Now lets list out the contents of that commit
➜ my-first-git git:(master) git cat-file -p 48d06ff
tree 6282551fedc655bc5ee9180ad67021c22245fdae
parent 5ba786fcc93e8092831c01e71444b9baa2228a4f
author ThePrimeagen <the.primeagen@gmail.com> 1706387467 -0700
committer ThePrimeagen <the.primeagen@gmail.com> 1706387467 -0700
second
Parents
All but the first commit will have a parent. Notice that our new commit has a parent!

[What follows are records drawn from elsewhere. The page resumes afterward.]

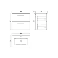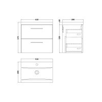 Lunar Wall Hung 2 Drawer Unit & Ceramic Basin, 600mm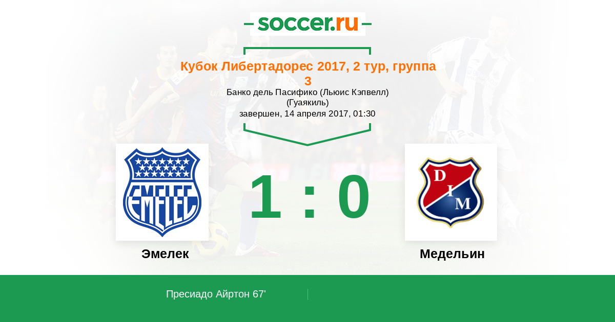 Гол67' (1:0) Пресиадо Айртон (18) (Маркос Мондаини (8))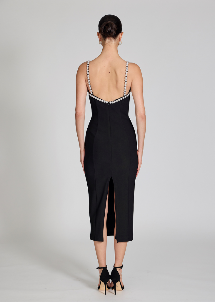 The Gisella Pearl Detail Midi Dress by Romance the Label blends timeless sophistication with contemporary charm. Its form-fitting pencil silhouette flatters your figure, while delicate pearl accents add a touch of radiance. This dress exudes elegance and femininity and is perfect for confident fashion-forward individuals.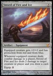 Whenever equipped creature deals combat damage to a player, Sword of Fire and Ice deals 2 damage to target creature or player and you draw a card.
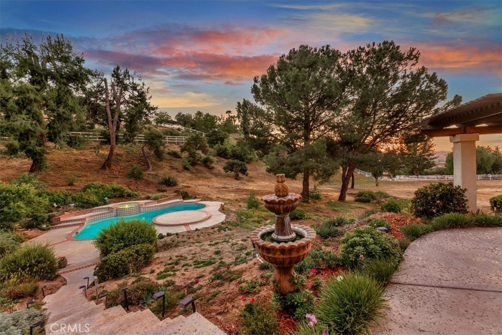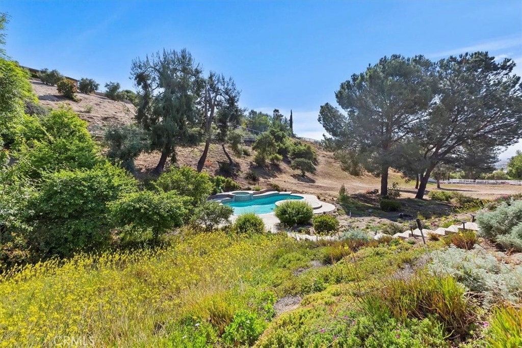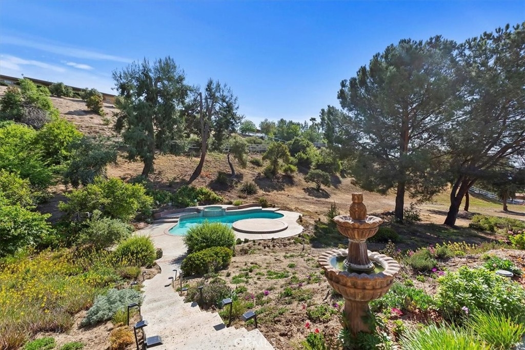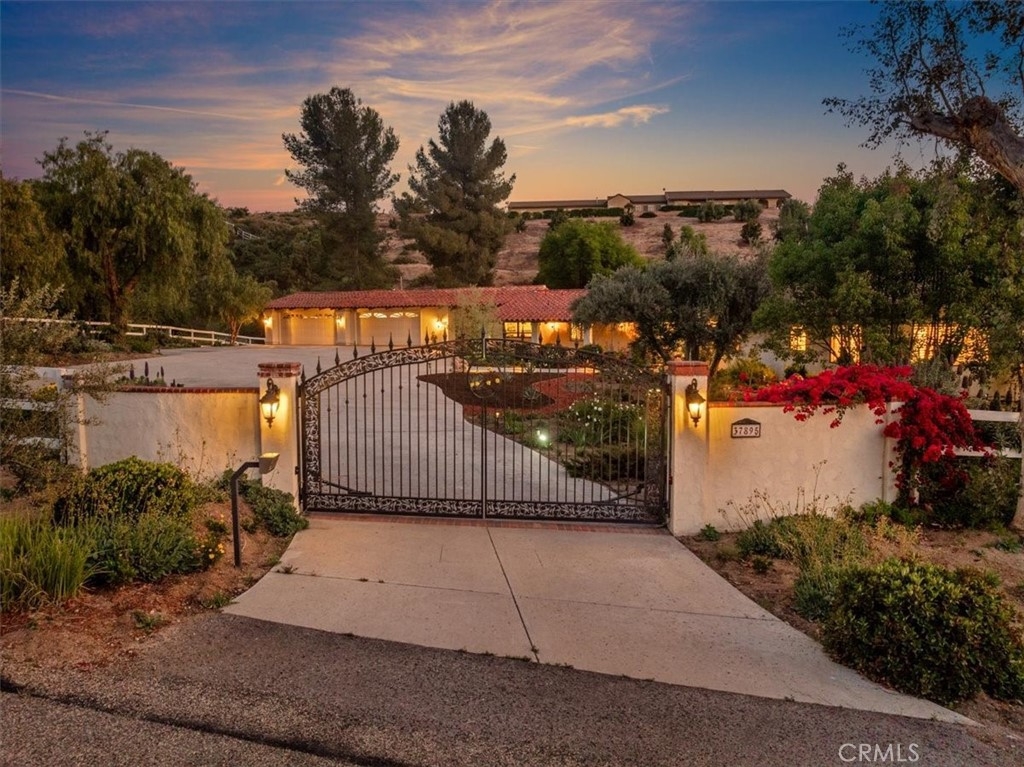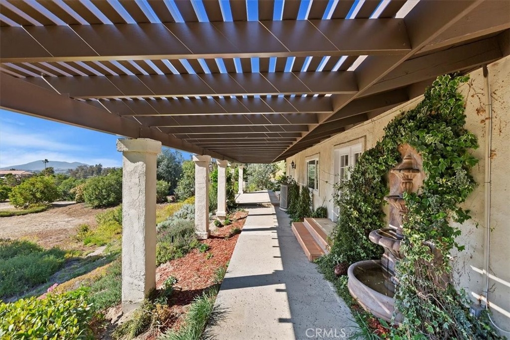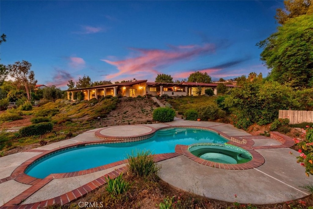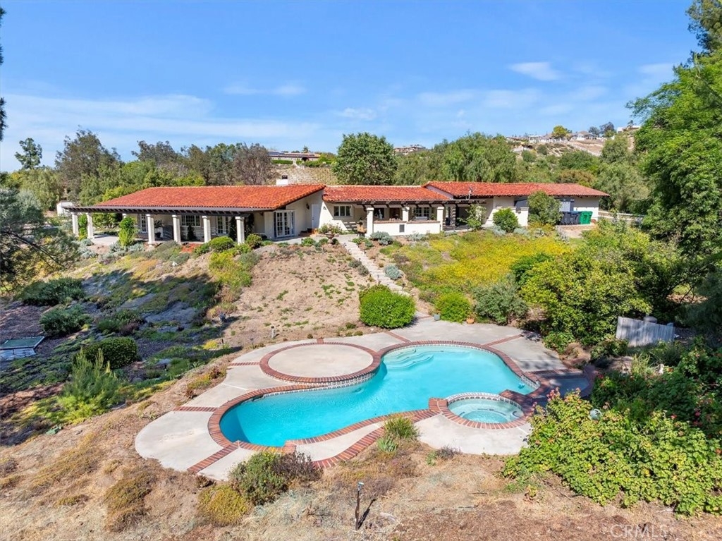 Stunning single story estate with views of vineyards and rolling hills with amazing sunsets and morning hot air balloons in the prestigious community of Glenoak Hills. Offers the perfect blend of timeless charm, luxury, and endless potential with its all usable land. Set on a fully fenced and gated 2.4 acre lot of entirely usable land, this property is a rare find. Step inside to an open, light-filled floor plan with 2,500 sq ft of living space, featuring four bedrooms and 2.5 baths. Enjoy a welcoming family room with a cozy fireplace, travertine flooring, and two French doors that open to beautiful grounds with access to the pool. The expansive living room impresses with a four-panel French door, oversized windows, and a statement chandelier. The gourmet kitchen has been beautifully remodeled with white cabinets, quartz countertops, crown molding, a coffered ceiling, and recessed lighting. The luxurious primary suite with a four-panel French door offers private patio access, a spa-inspired bathroom with granite counters, and an exquisite glass-inlay window. Plantation shutters and custom window coverings add elegance throughout. Classic Spanish architecture flows seamlessly outdoors with a clay tile roof, terracotta walkways, and a charming breezeway. The entertainer’s backyard is truly a resort paradise with the beautiful mature landscaping complete with a sparkling pool, an outdoor kitchen with bar seating and refrigerator, tranquil fountains, and an Alumawood patio cover perfect for sunset dining. Additional features include a four-car garage with a Tesla charger, a covered carport, abundant guest parking, and a newer HVAC system. This impeccably maintained estate offers exceptional potential for a guest house, ADU, horse facilities, or RV garage, tailored to your lifestyle. Community amenities include two tennis courts, a clubhouse, a horse arena, and a playground. Just minutes from Temecula’s finest wineries along the De Portola Wine Trail—including Leoness, Altisima, Fazeli, and Renzoni. Enjoy low taxes, low HOA fees, and the ultimate Wine Country lifestyle. Don’t miss this rare opportunity, homes like this seldom come available! Schedule your private tour today.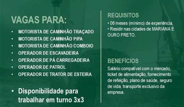 As vagas são destinadas a profissionais com experiência e residências nas cidades de Mariana ou Ouro Preto, com disponibilidade para atuar em turno 3×3. Confira os cargos ofertados: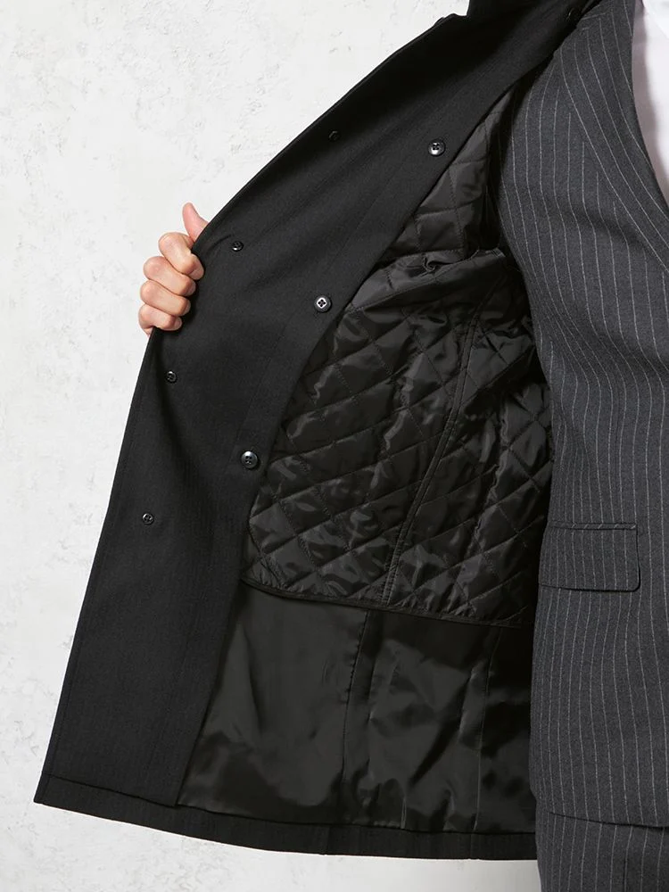 【軽量ニット】コートチェスターコートストレッチ背上部キルト無地nero秋冬【スリムデザイン】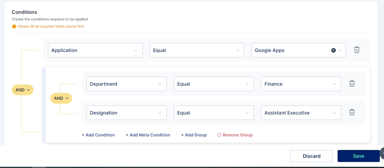 Conditions and filters can be added for country, department, designation, login pattern, user type, application, application role, and workflow depending upon the event selected

Inspect the tree with git cat-file -p 6282551fedc655bc5ee9180ad67021c22245fdae
➜ my-first-git git:(master) git cat-file -p 6282551fedc655bc5ee9180ad67021c22245fdae
100644 blob 9a71f81a4b4754b686fd37cbb3c72d0250d344aa first.md
100644 blob 7f112b196b963ff72675febdbb97da5204f9497e second.md
Now compare the original tree from our first commit
➜ my-first-git git:(master) git cat-file -p 4e507fdc6d9044ccd8a4a3061324c9f711c4667d
100644 blob 9a71f81a4b4754b686fd37cbb3c72d0250d344aa first.md
Notice that our commit, 48d06ff
, has the same first.md
file, but with a
newly added second.md
! So to manually reconstruct the entire file tree thus
far, we just need to cat-file both first.md and second.md from the current
commhut!
That also means that git stores pointers to the ENTIRE worktree, not the entire worktree itself which means its significantly more efficient space wise.
hopefully this makes git feel less magical. Just remember at some point every program is just a bunch of if statements, for loops, and variables. This is true even about git
For Them
Create an inner directory and do it again and show them the inner trees!